À l’occasion des Journées Pétrole organisées du 28 au 31 mai aux Émirats arabes unis, les regards sont tournés vers le Sénégal, dont les nouvelles autorités affichent clairement leur intention de revoir les termes des contrats pétroliers conclus sous l’ancien régime. Une volonté saluée, mais qui appelle à la prudence, selon les experts du cabinet 3M-Partners & Conseils.
Invités de cette troisième édition des Journées Pétrole, les associés du cabinet 3M-Partners & Conseils, Gaetan Mboza et Gacyen Mouely, ont livré une analyse pointue de l’orientation prise par l’administration Diomaye-Sonko, au pouvoir depuis mars 2024. Le gouvernement sénégalais envisage de renégocier plusieurs contrats d’exploration et d’exploitation pétrolières, au nom de la souveraineté permanente de l’État sur ses ressources naturelles.
« Le Sénégal est en droit de renégocier ses contrats pétroliers à tout moment, conformément au principe de souveraineté », affirme Gaetan Mboza, conseiller juridique et fiscal, en marge du forum. « Mais ce pouvoir n’est pas illimité et doit être exercé avec discernement », prévient-il.
Si le droit international n’interdit pas la renégociation, les experts rappellent que cette démarche, lorsqu’elle n’est pas encadrée par des clauses spécifiques dans les contrats de partage de production (CPP), peut envoyer un signal négatif aux investisseurs.
« Très peu d’États osent renégocier un contrat sans base juridique solide, de peur de ternir leur crédibilité.
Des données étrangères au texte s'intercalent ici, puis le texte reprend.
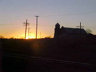 The old Lamy church as the sun set on this extremely cold and windy evening. Back in the warmth of the station, it was time for Queen's "Sheer Heart Attack" and I finished reading Trains Magazine and switched to the new Passenger Train Journal. Besides reading, I did my Sudoku puzzles which really helped to pass the time on trains and during delays.

La signature d’un État est un actif stratégique », souligne Mboza.
Selon lui, deux voies s’ouvrent au Sénégal : convaincre les partenaires pétroliers de la nécessité d’un nouvel équilibre ou démontrer que certaines clauses contreviennent aux normes du droit public ou du droit commun. Dans tous les cas, une approche argumentée et transparente est impérative.
« L’investisseur, qui engage souvent des montants colossaux, est toujours prêt à discuter à condition qu’on lui offre la garantie d’un retour sur investissement viable », insiste-t-il.
Selon Gacyen Mouely, les Journées Pétrole constituent justement un cadre d’apprentissage précieux pour les producteurs comme le Sénégal. L’événement permet aux pays émergents de tirer des leçons des expériences parfois douloureuses des producteurs historiques.
« Le Sénégal doit éviter les erreurs du passé en intégrant très tôt les bonnes pratiques. Cela passe par des contrats équilibrés, une meilleure connaissance de son potentiel pétrolier, et surtout, des outils de modélisation des revenus dans le temps », plaide Mouely.
Pour Gaetan Mboza, la négociation de contrats pétroliers reste un exercice semé d’incertitudes : niveau de production imprévisible, volatilité des cours mondiaux, aléas géopolitiques… Autant de variables qui rendent les projections économiques fragiles.
En définitive, les experts de 3M-Partners & Conseils estiment que la renégociation des contrats pétroliers n’est pas une question d’idéologie, mais de stratégie. Il s’agit de défendre les intérêts du Sénégal tout en maintenant l’attractivité du pays pour les investisseurs internationaux.